Africa Education Watch Engages Parliament And Stakeholders On Leakages In 2021 WASSCE
Education think tank Africa Education Watch (Eduwatch) has engaged Parliament on issues of question leakages and malpractices in the just ended West African Senior School Certificate Examinations (WASSCE) organised by the West African Examinations Council (WAEC), to find lasting solutions to the perennial leakages. The team responded to an invitation by the Parliamentary Select Committee on Education to present and discuss its yet to be published research into the 2021 WASSCE Examinations question leakages and malpractices, gathered through a two-month long monitoring exercise with support from OXFAM International.
The Honourable Deputy Minister of Education, the leadership of the Ghana Education Service (GES) and WAEC, the Conference of Heads of Assisted Secondary School (CHASS) and the Ghana Police were duly represented as stakeholders discussed the findings and recommendations of Eduwatch’s WASSCE Monitoring Report for 2021.
Addressing the House, Director General of GES indicated that the issue of examination malpractices and question leakages is an enormous one and a big business which cannot be tackled singlehandedly. He called for stakeholder support in addressing the challenge.
WAEC in their presentation stated unequivocally that, students had fore knowledge of the English Language 1&2 and Elective Mathematics 1&2 papers, while confirming the existence of institutionalized cheating through collusion between school authorities, invigilators, supervisors, and security officials in some schools. This was in tandem with earlier reports by Eduwatch that the said questions leaked over nine (9) hours before the scheduled time for the paper. WAEC further cited activities of rogue websites and social media question marketers as one major challenge faced during the 2021 WASSCE and indicated that they [WAEC] had set up National and International Committees to Investigate all incidences that occurred during the exams. The Council also hinted its intensions to employ the use of private investigating agencies to track down rogue websites and perpetrators of examination malpractice.
Eduwatch presented findings from its 2021 WASSCE Monitoring Report, emphasizing the immediate need for WAEC to strengthen its questions security and digitize the questions value chain to curb leakages. Eduwatch provided irrefutable evidence of leakages of eleven (11) papers in the 2021 WASSCE which included three (3) of the four (4) core subjects [namely English Language 2, Core Mathematics 1&2 and Integrated Science 1&2]. According to findings in the unpublished report, questions leaked between four (4) days to one (1) hour before the paper.

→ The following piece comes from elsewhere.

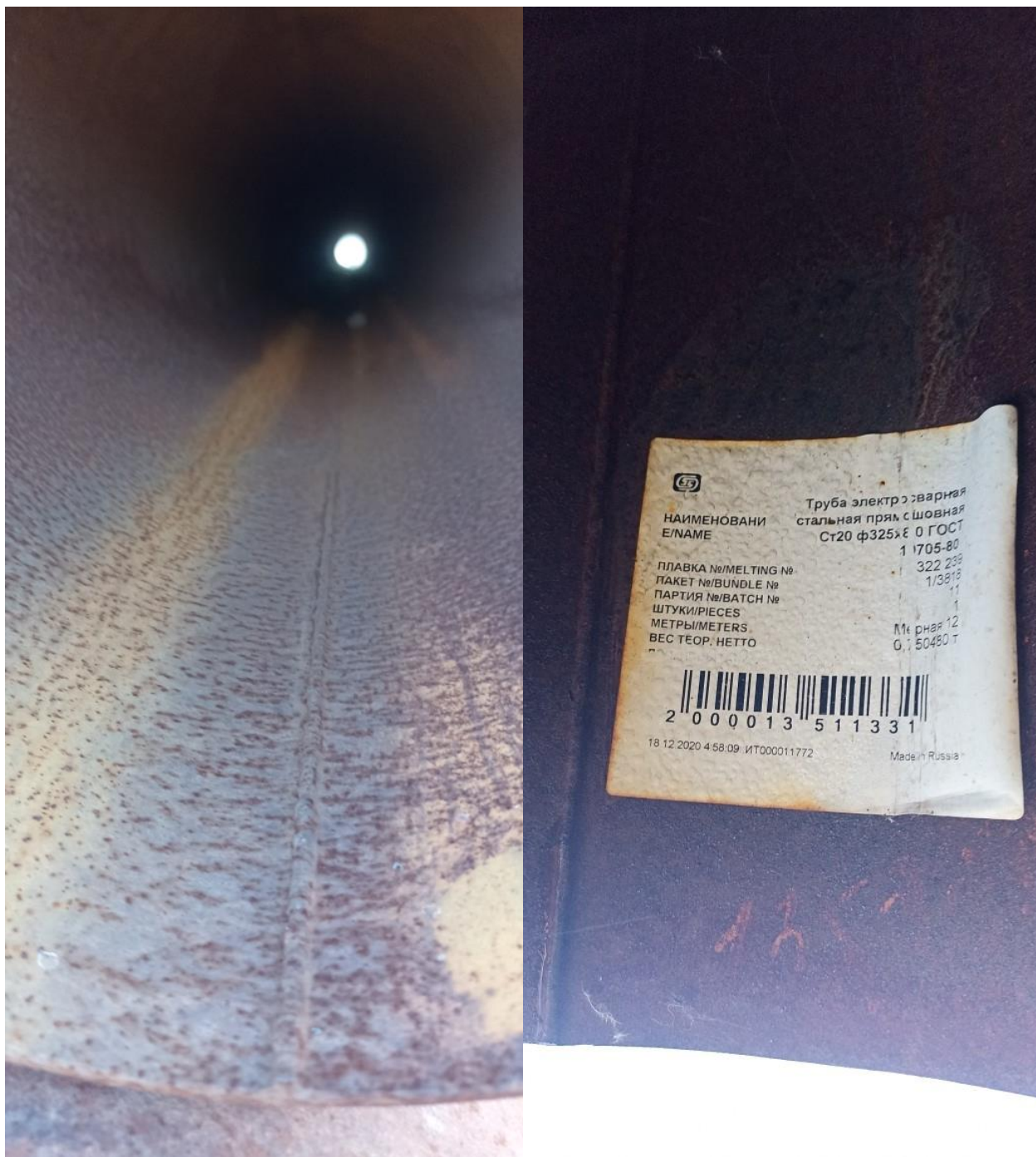
Труба 325*8*12000-МД ГОСТ 10704-91-20 ГОСТ 10705-80 (ТЭМПО)- 13.5т

The major sources of these leaks according to the organisation were Telegram and WhatsApp platforms.
The education policy advocacy organization indicated that 500 students interviewed from 50 schools monitored also attested to having prior knowledge to the questions before sitting to answer them, and attributed the leakages to a fundamental issue of increased demand for the questions due to the high stakes nature of WASSCE and a fertile security loophole in the questions supply chain out of which a multi-million-cedi business has emerged and blossomed. Eduwatch recommended digitizing the questions distribution so that questions would be transmitted through an end-to-end encrypted email thereby removing the human involvement in printing, packaging, transportation and storage to ensure enhanced security.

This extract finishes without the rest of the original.